Closed chrisridd closed 12 years ago
BetterZipQL is abusing the UTI system (see here under 'Recommendations for Declaring new Uniform Type Identifiers'), using com.macitbetter.zip-archive
as a convenience to support a whole swathe of zip-derived filetypes without defining individual UTIs. Mac OS X 10.7 declares org.idpf.epub-container
as the UTI for epub files, and I've imported it into the epub.quicklook plist.
Under Lion, the system defined UTI trumps the BetterZipQL UTI, and as epub.quicklook imports the system type, we work fine. I don't think the behaviour of clashing UTIs is defined, but really BetterZip should import the Lion UTI.
However, after writing all that, it still doesn't answer the question of how the system picks which quicklook generator is selected when two offer to preview the same UTI. I suspect it follows the usual /System/Library
trumps /Library
trumps ~/Library
pattern, with generators at the same level being picked alphabetically. It would be interesting to see what would happen if you where to rename epub.quicklook to _aaepub.quicklook.
Either way, I think the way epub.quicklook works is correct, but I'm not sure if there's something we could do to mitigate this kind of clash.

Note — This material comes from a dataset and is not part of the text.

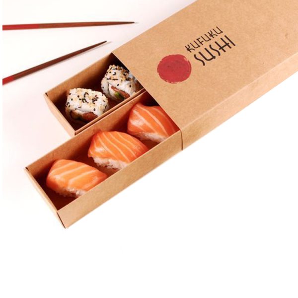 Custom logo disposable biodegradable white kraft paper box for food Sushi takeout packaging
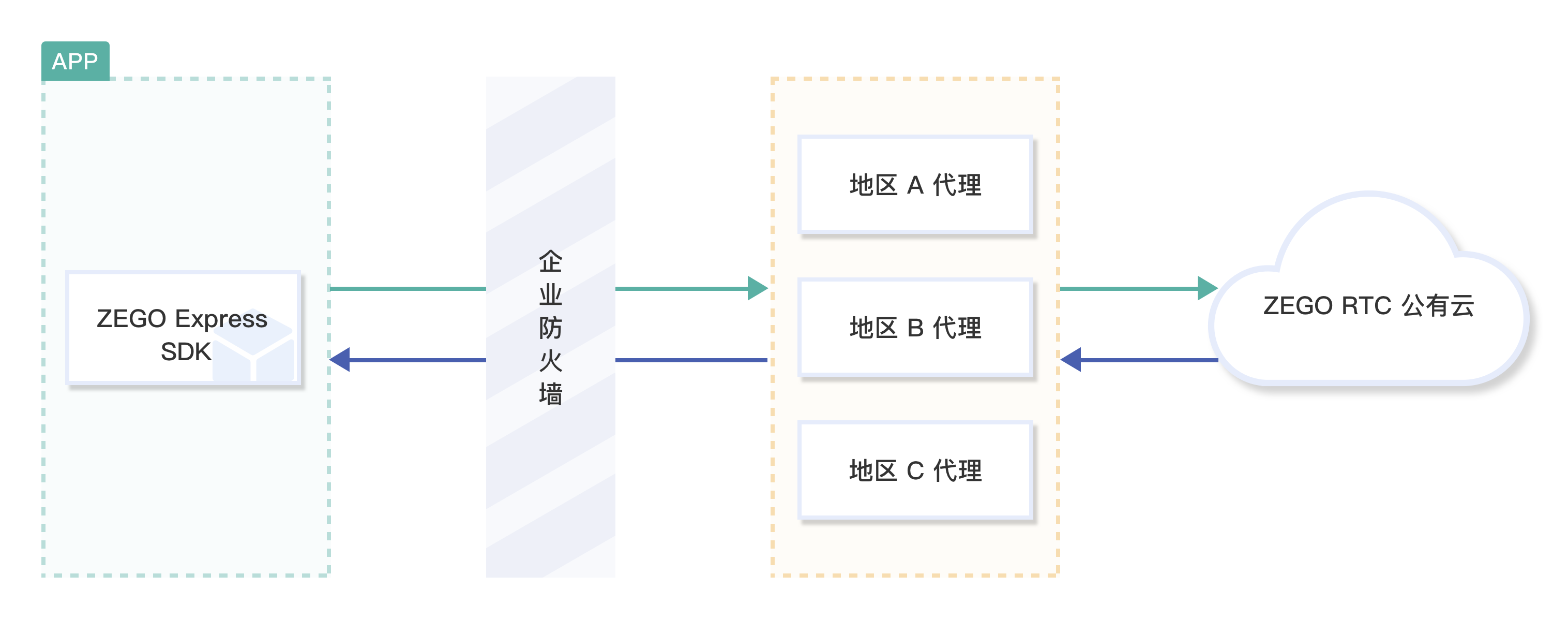通过设置 SDK 的云代理接口,将 SDK 对应的所有流量通过云端的代理服务器中转,实现与 RTC、L3(超低延迟直播)通信。

Ha ha, renaming to aaepub.qlgenerator
worked!
I wonder if pinging the BetterZip folks would be worthwhile.
Could be - are you a paying customer? Otherwise I'll drop them a line.

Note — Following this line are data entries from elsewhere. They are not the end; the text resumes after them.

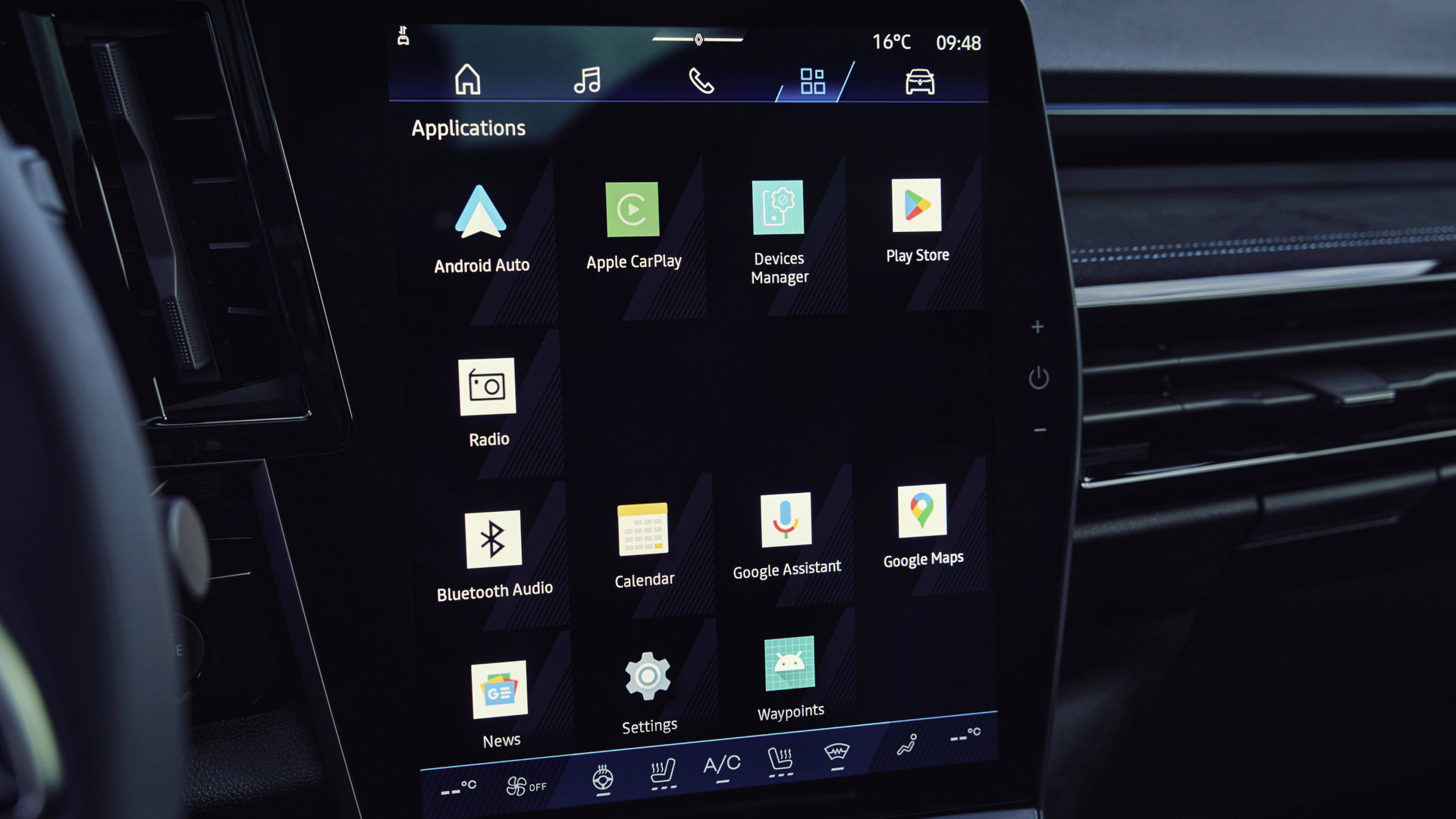 Ein absolutes Highlight des Austral ist das Infotainment-System. Ausgestattet mit einem großen 12-Zoll-Hochkant-Touchscreen und einem digitalen Kombiinstrument in gleicher Größe, bietet das System eine flüssige und reaktionsschnelle Bedienung. Die Technologie basiert auf Google Android Automotive, was unter anderem eine integrierte Google-Maps-Navigation mit Echtzeit-Verkehrsdaten, Sprachsteuerung via Google Assistant und den Zugang zum Google Play Store für Apps ermöglicht. Diese Integration macht das Infotainment zu einem der besten Systeme in dieser Klasse. Zusätzlich sind Apple CarPlay und Android Auto kabellos nutzbar.
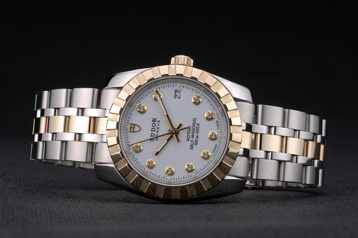 Swiss Tudor Classic Rose Gold Ribber Bezel Crystal Encrusted White Dial 80301
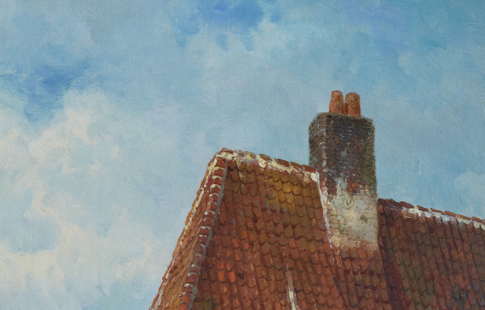 Met verso verzegelde authenticiteitsverklaring van de schilder op etiket: 'De ondergeteekende verklaart dat het schilderij voorstellende Gezicht te Weesp Prov. N. Holland door hem is vervaardigd, C. Springer, Amsterdam 30 Dec 77'

Searching about, the folks behind qlcolourcode seem to have the same problem - and their solution is to disable the conflicting plugin, which doesn't seem to bode well for a simple fix.
At least the renaming trick will work on a case-by-case basis.
I'm not a customer. Someone on the mobileread.com forums noted the problem, but they're not too communicative.
While not really resolved, there is no fault here - and I think the note in the readme is prob the best we can do until Apple implements a better way to handle conflicting plugins.
The BetterZipQL.qlgenerator clashes (i.e. gets used instead of) with the epub.qlgenerator on Snow Leopard, but not Lion. I've got Snow Leopard in a VM and can reproduce this.
It looks like they're claiming to support files with the .epub extension in their Info.plist:
I don't understand the Mac's UT system, but this seems to override the epub.qlgenerator's use of the epub extension and org.idpf.epub-container.
Hacking the
<string>epub</string>
line out of their Info.plist seems to work, but is an unreasonable thing to do IMO.